• **Prompt**: Without any images, write the data out exactly as it appears.

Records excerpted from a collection
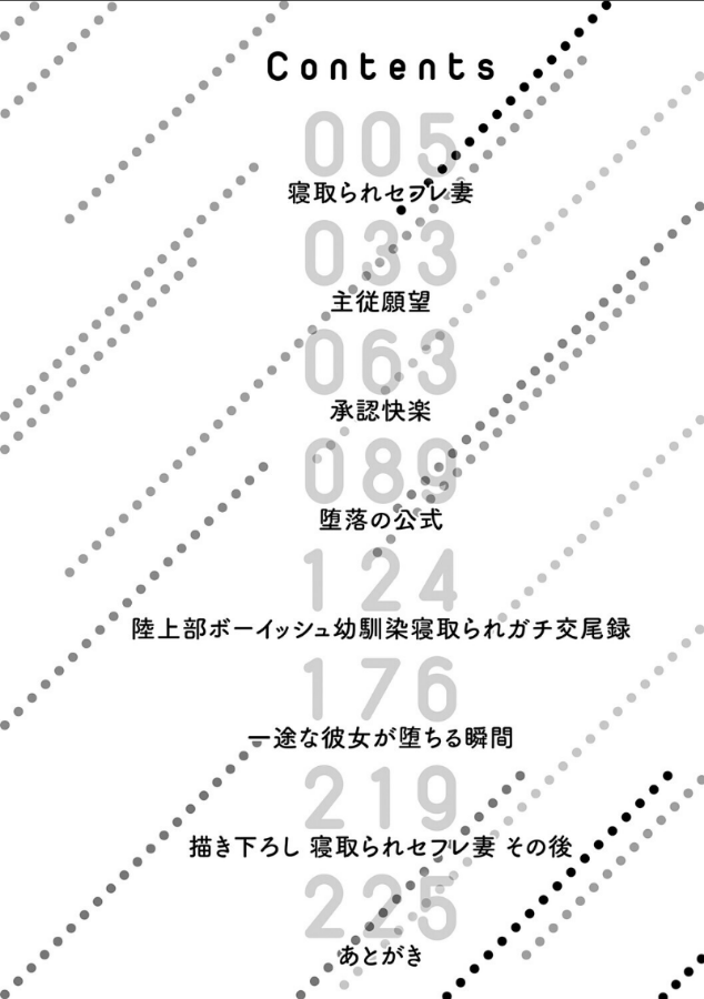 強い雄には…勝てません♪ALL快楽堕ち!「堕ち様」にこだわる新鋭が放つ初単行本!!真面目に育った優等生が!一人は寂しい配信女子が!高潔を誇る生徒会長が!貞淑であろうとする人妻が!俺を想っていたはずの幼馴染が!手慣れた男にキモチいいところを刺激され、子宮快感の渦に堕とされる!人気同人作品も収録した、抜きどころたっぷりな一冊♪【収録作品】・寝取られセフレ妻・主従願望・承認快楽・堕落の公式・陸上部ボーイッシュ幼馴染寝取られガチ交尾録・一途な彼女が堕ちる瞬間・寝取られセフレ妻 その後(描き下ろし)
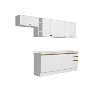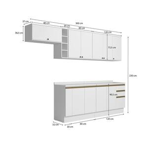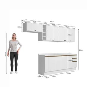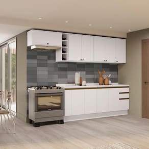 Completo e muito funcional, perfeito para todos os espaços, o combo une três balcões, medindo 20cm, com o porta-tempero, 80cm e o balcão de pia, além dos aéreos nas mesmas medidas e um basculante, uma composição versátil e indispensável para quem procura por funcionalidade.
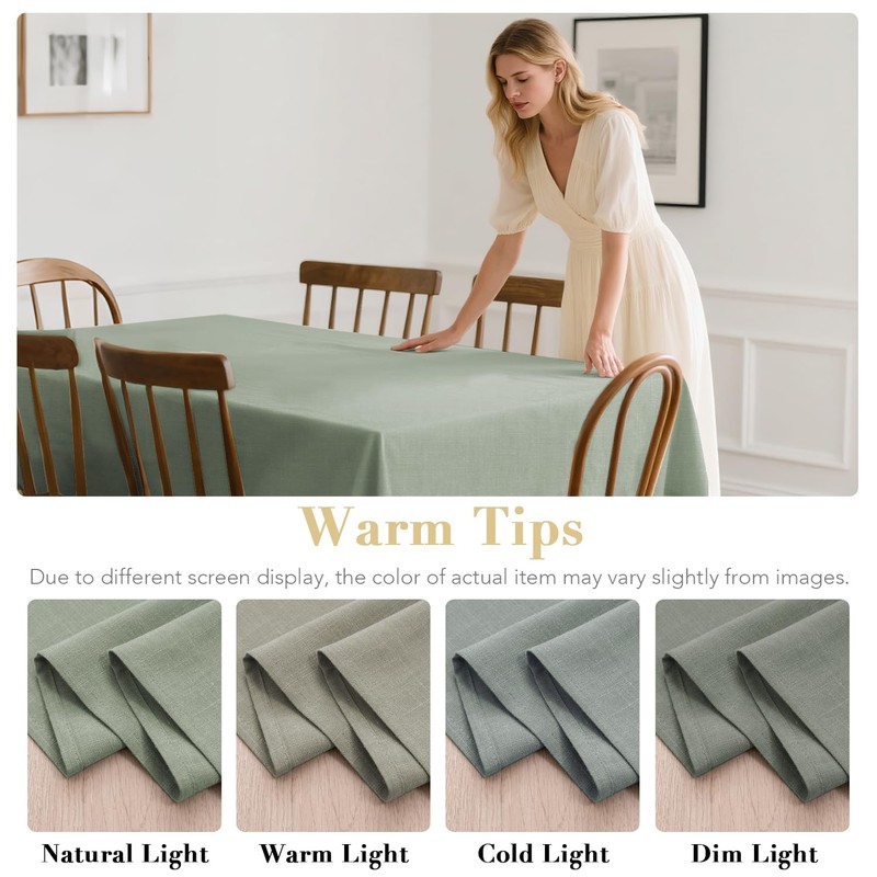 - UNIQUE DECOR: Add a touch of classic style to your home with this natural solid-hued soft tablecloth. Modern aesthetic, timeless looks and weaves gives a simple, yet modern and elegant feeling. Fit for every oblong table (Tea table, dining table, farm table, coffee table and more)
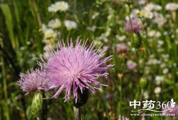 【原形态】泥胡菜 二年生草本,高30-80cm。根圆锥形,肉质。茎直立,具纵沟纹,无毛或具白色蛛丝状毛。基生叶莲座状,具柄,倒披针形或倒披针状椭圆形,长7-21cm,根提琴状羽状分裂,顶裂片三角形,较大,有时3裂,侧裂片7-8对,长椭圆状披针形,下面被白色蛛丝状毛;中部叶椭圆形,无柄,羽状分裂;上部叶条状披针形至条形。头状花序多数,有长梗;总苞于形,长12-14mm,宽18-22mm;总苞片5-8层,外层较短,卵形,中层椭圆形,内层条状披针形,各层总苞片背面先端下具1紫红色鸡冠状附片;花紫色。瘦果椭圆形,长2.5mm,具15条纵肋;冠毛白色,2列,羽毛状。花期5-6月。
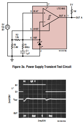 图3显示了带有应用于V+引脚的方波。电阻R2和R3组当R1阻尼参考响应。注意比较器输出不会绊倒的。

• **Reply**:
 強い雄には…勝てません♪ALL快楽堕ち!「堕ち様」にこだわる新鋭が放つ初単行本!!真面目に育った優等生が!一人は寂しい配信女子が!高潔を誇る生徒会長が!貞淑であろうとする人妻が!俺を想っていたはずの幼馴染が!手慣れた男にキモチいいところを刺激され、子宮快感の渦に堕とされる!人気同人作品も収録した、抜きどころたっぷりな一冊♪【収録作品】・寝取られセフレ妻・主従願望・承認快楽・堕落の公式・陸上部ボーイッシュ幼馴染寝取られガチ交尾録・一途な彼女が堕ちる瞬間・寝取られセフレ妻 その後(描き下ろし)
 Completo e muito funcional, perfeito para todos os espaços, o combo une três balcões, medindo 20cm, com o porta-tempero, 80cm e o balcão de pia, além dos aéreos nas mesmas medidas e um basculante, uma composição versátil e indispensável para quem procura por funcionalidade.
 - UNIQUE DECOR: Add a touch of classic style to your home with this natural solid-hued soft tablecloth. Modern aesthetic, timeless looks and weaves gives a simple, yet modern and elegant feeling. Fit for every oblong table (Tea table, dining table, farm table, coffee table and more)
 【原形态】泥胡菜 二年生草本,高30-80cm。根圆锥形,肉质。茎直立,具纵沟纹,无毛或具白色蛛丝状毛。基生叶莲座状,具柄,倒披针形或倒披针状椭圆形,长7-21cm,根提琴状羽状分裂,顶裂片三角形,较大,有时3裂,侧裂片7-8对,长椭圆状披针形,下面被白色蛛丝状毛;中部叶椭圆形,无柄,羽状分裂;上部叶条状披针形至条形。头状花序多数,有长梗;总苞于形,长12-14mm,宽18-22mm;总苞片5-8层,外层较短,卵形,中层椭圆形,内层条状披针形,各层总苞片背面先端下具1紫红色鸡冠状附片;花紫色。瘦果椭圆形,长2.5mm,具15条纵肋;冠毛白色,2列,羽毛状。花期5-6月。
 图3显示了带有应用于V+引脚的方波。电阻R2和R3组当R1阻尼参考响应。注意比较器输出不会绊倒的。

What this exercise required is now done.